The main factor in this dimension is life expectancy. Life expectancy at birth is the average length of life for certain people who are born at the same specific year, from birth to death.

Knowledge

The factors in this scale include the expected years of schooling and the average years of schooling. Expected years of schooling means the number of years a child of a specific age can expect to receive age-adjusted education, continuing through their life. The average years of schooling mean the average amount of education received by students older than 25.

Decent Standards of Living

The main factor at play is the Gross National Income per capita with 2011 Purchase Power Parity standards. GNI is the total amount of the nation’s people and businesses earnings, divided with population density, and converted with 2011 PPP dollar rates.

The number one country is Norway. Germany is ranked fourth. The USA is ranked fifteenth. Japan is ranked nineteenth.

Genuine Progress Indicator

Genuine Progress Indicator (GPI) is a measurement intended to assess the prosperity of a country, which relates to the well-being of the country’s economy, by joining ecological and social variables which are not estimated by Gross Domestic Product (GDP).
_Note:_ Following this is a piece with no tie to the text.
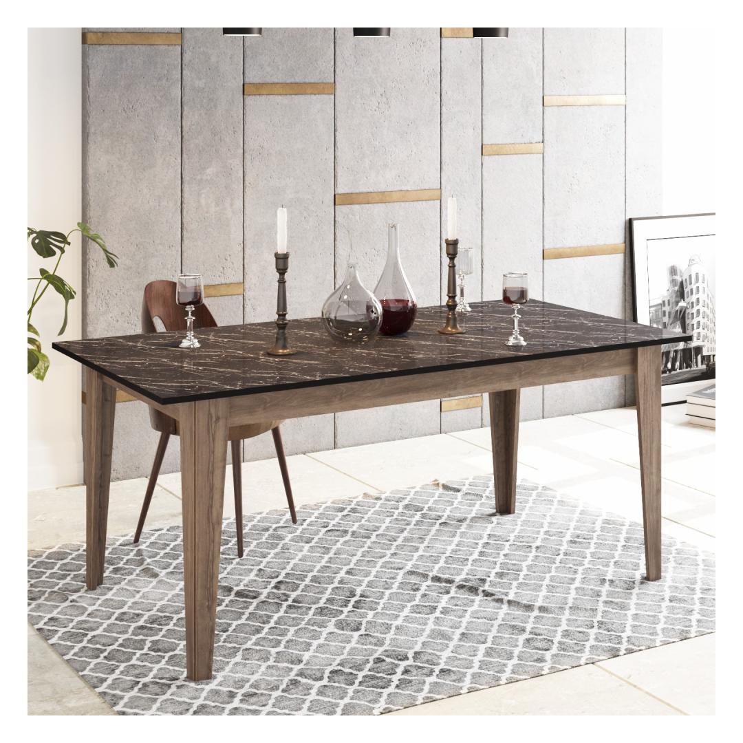Tõstke oma söögituba esile meie suurepärase söögilauaga, mis on loodud nii funktsionaalsuse kui ka elegantsi toomiseks teie koju. See 100% melamiiniga kaetud puitlaastplaadist valmistatud laud on valmistatud kestma, tagades aastatepikkused meeldejäävad söögid ja koosviibimised lähedastega.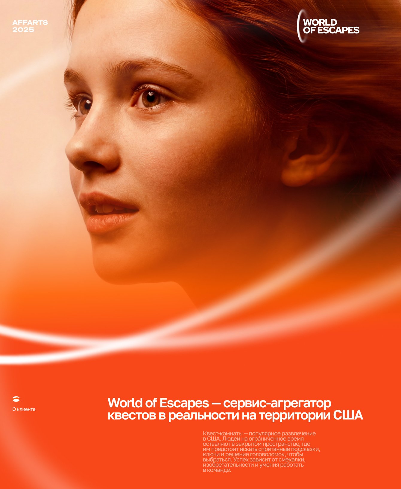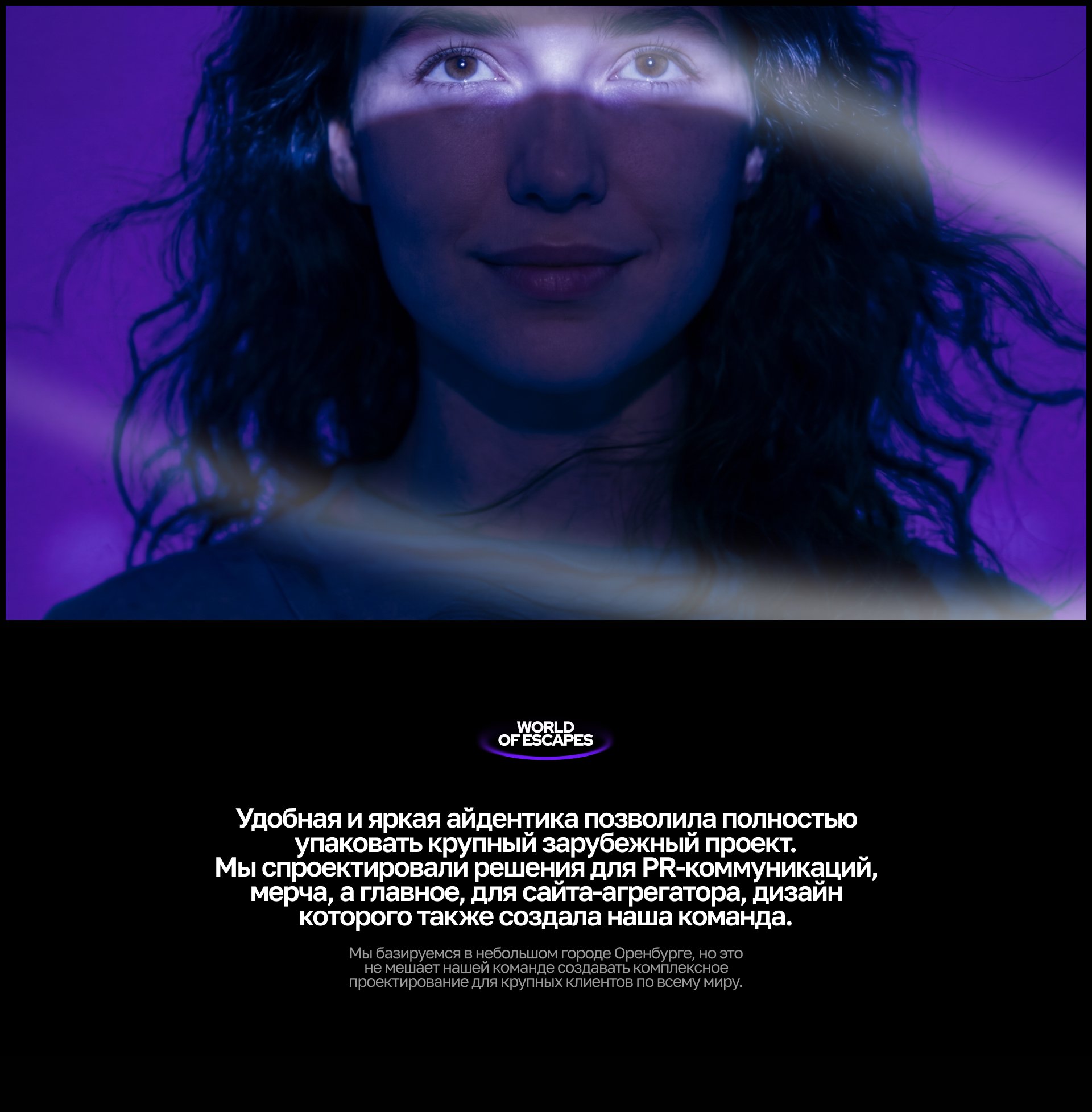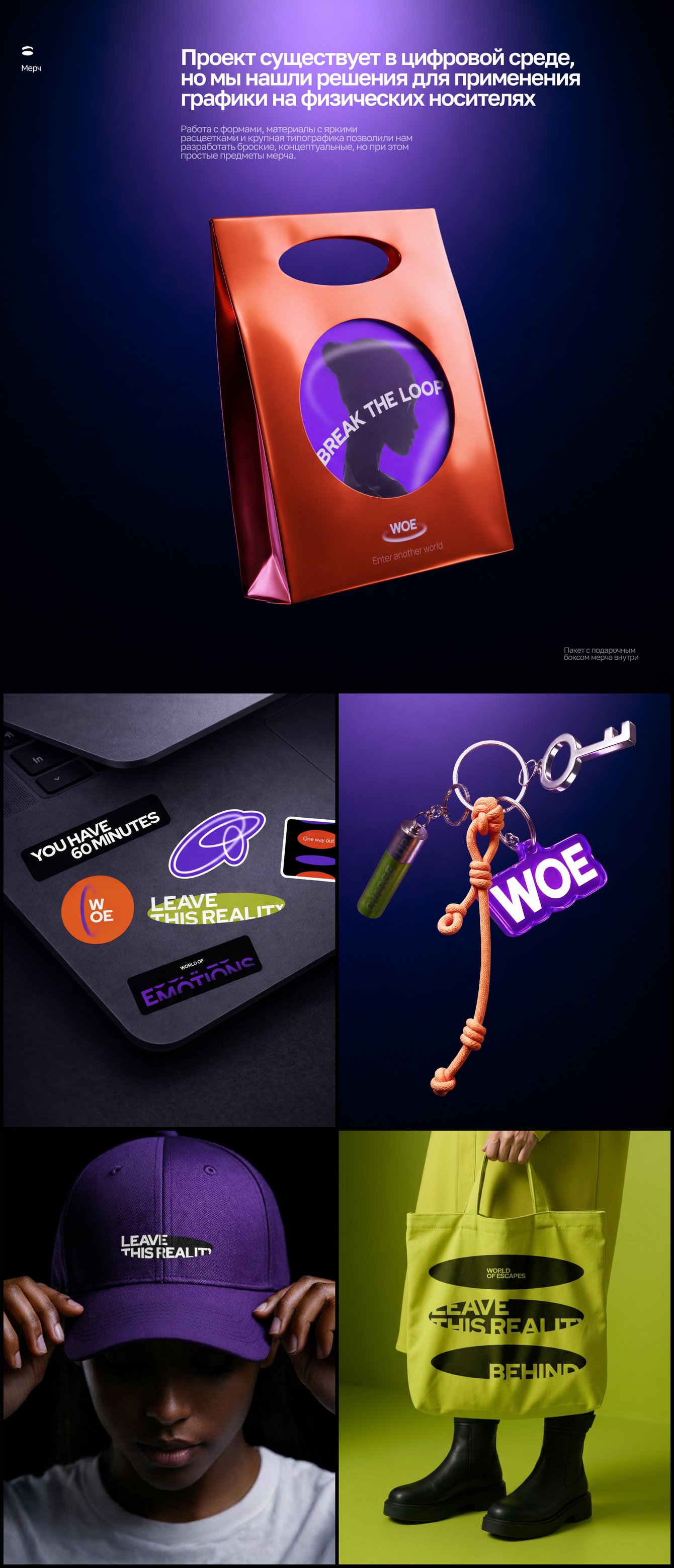Главная метафора — пересечение границы между реальностью и игрой. Через графику, типографику и композиции мы создаём ощущение глубины и движения, будто пользователь делает шаг в другое измерение. Это усиливает вовлечение и помогает бренду World of Escapes ассоциироваться с исследованием, эмоциями и новым опытом.

GPI has been recommended to replace or reinforce GDP as a proportion of financial development. The connection of GDP and GPI emulates the connection between the gross benefit and net benefit of an organization.

The net profit is the gross profit deducted by the costs incurred, while the GPI is the GDP minus the natural and social expenses. The GPI will be zero if the money related expenses of poverty and pollution equivalent to the profit of production of goods and services, assuming other factors are constant.

Key Points

  • Essentially, GDP focuses too much on total wealth while ignoring other important humanly and environment aspects.
  • The HDI is a prime alternative to the GDP system, factoring in life expectancy, education length and quality, and standards of living.
  • Another alternative is the GPI system, which factors in ecology to measure a country’s total value. A country that emits less pollution but has moderate economy will have a better GPI index overall.